Заходя в выставочный зал, я оставляю при входе в специальной вазе свою трость. А когда собираюсь выходить, обнаруживаю, что моя трость испарилась. Но я не расстраиваюсь, потому что у меня есть много тростей. Когда я теряю одну из них, я сразу же беру другую и хожу с ней.

В углу у книжного шкафа стоят рядком мои трости. У всех них ручка в виде крюка, ни одна не заканчивается набалдашником. Самую лучшую я получил в наследство от тети Фросо. Ее ручка была костяной, из оленьего рога, с серебряным кольцом и резьбой у основания. А сама эта трость выполнена из эбенового дерева, тонкая, крепкая и изящная. Но мне она мала, потому что моя хромая тетя была низкого роста.

Наш друг пес

Я всех животных люблю: осликов, козочек, кошек, мух, уточек, курочек, бабочек, гусей, ежиков, – все они были моей лучшей компанией и отдушиной во время каникул, которые я проводил в деревне на острове. Я знаком с их особенностями и мог бы при малейшем желании, если бы не был лентяем, написать целую книгу об их поведении и образе жизни. Но странное дело – я ничего не знаю о собаках. В детстве я забрался под перевернутую лодку, лежавшую на берегу неподалеку от островного причала, под которой какая-то собака выкармливала новорожденных щенков. Она схватила меня за пятку, и ее зубы хорошенько разодрали мне ногу. Я с большим трудом спасся, тяжело раненный и чуть не лишившись ноги. C тех пор у меня остался страх и неприязнь к этим животным, а в школе нам рассказывали, что это самый верный друг и товарищ человека и что его преданность стала легендарной. И это подтверждается множеством реальных историй.

Представьте теперь мое удивление, когда я, открыв вчера утром дверь, чтобы пойти на работу, обнаружил сидящего на расстоянии полуметра от порога крупного пушистого пса бежевого окраса, который смотрел на меня безо всякого выражения. Я не мог понять, что ему от меня нужно. Еды, воды, ласки? Я бросил ему толстое печенье, которое он безо всякого аппетита взял губами – было абсолютно ясно, что он не голоден, – и исчез. Я силился разглядеть, виляет ли он хвостом в знак радости, но убедился, что у него нет хвоста – он был отрезан под корень, а косточки на его месте, под кожей, были совершенно неподвижны. Этот пес был неблагодарным и невоспитанным. Но с чего бы ему быть благодарным? Может, я пожертвовал чем-то ради него? Только из-за того, что я дал ему засохшее печенье? Я подумал еще раз и простил его.

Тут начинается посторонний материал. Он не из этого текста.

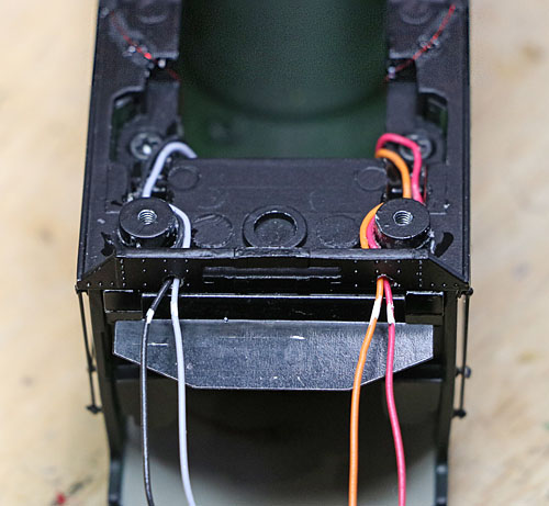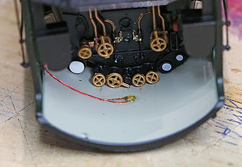 Wires to the tender emerging through holes drilled through the metal back plate. (They will be painted black.) |

Мысли о собаке не давали мне покоя весь день в конторе, и только поздно вечером, когда я вернулся домой ужасно уставший и лег спать, я смог выкинуть их из головы.

На следующее утро я снова проснулся с мыслями о таинственной собаке. Я, как был неумытый, побежал к двери и открыл ее. Меня снедало любопытство, окажется ли пес там. Но нет. Никого. Только пара-тройка воробьев во дворе скакали по сухим листьям, упавшим на землю из-за сильного ветра.

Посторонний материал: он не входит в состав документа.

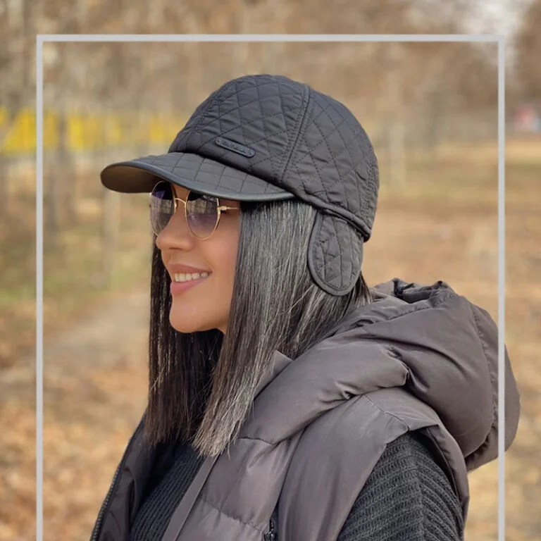 توجه بفرمایید که رنگ طوسی یکی دو درجه از رنگ طوسی داخل اسلاید اول روشن تر است و بیشتر نزدیک به رنگ کلاه طوسی روی سر مدل خانم میباشد.

Но на следующий день, как только я открыл дверь, собираясь уходить, и когда я уже совсем было о нем забыл, пес снова был там, на таком же расстоянии от порога, и снова смотрел на меня своими печальными глазами. Да, глаза его были печальными, к тому же они были обрамлены двумя коричневыми пятнами, что подчеркивало меланхолию. «Эй, дружок, так не пойдет. Ты можешь мне наконец сказать, что тебе от меня нужно? Ты меня не знаешь, я тебя не знаю. Я не твой хозяин. Я не люблю собак. Тебя вот прямо сейчас могу искать те, от кого ты сбежал. Возвращайся к себе домой».

Пес не пошевелился, он был похож на статую. Он смотрел на меня своим неподвижными глазами, но сейчас мне казалось, что в их глубине я мог разглядеть сложные темные чувства. Несмотря на это, я снова дал ему большое печенье, он снова схватил его своими черными морщинистыми губами, повернулся и исчез за поворотом.

Раз в два дня я страдал от пытки появления и исчезновения собаки. Он каждый раз молча приходил, чтобы возмутить мое спокойствие, а затем бесшумно уходил. И прежде чем исчезнуть, всегда брал, не будучи при этом по всей видимости голодным, печенье. Откуда же он приходил и куда уходил? Я решил проверить. Итак, дружок, на этот раз я все про тебя разузнаю. Впереди собака, за ней иду я на некотором расстоянии. Как видно, его нисколько не смущало мое присутствие. Он вел меня по пустырям, где дети гоняли мяч. По пустынным площадям, где взмыленные лошади ждали у колодцев своей очереди, чтобы напиться. По полям, усаженным картофелем с беленькими цветочками и кустиками табака с длинными яйцевидными листьями. В конце концов он остановился перед дверью лачуги, сколоченной из жестяных листов. Тут он обернулся, посмотрел на меня и словно подал мне знак, чтобы я вошел. Сначала он, следом я, мы зашли внутрь. Одна стена лачуги, как я увидел, была выдолблена в твердой скале, и слышно было, как где-то высоко капает вода. Сырость невыносимая. Пахнет мокрой землей. Пес стоит высоко у проема и смотрит на меня. Я смотрю на него и подхожу ближе. Но почва, на которую я ступаю, скользкая. Я чувствую, как потихоньку уходит из-под ног солома вперемешку с грязью, ускользает, и я поскальзываюсь, качусь и падаю в бездну.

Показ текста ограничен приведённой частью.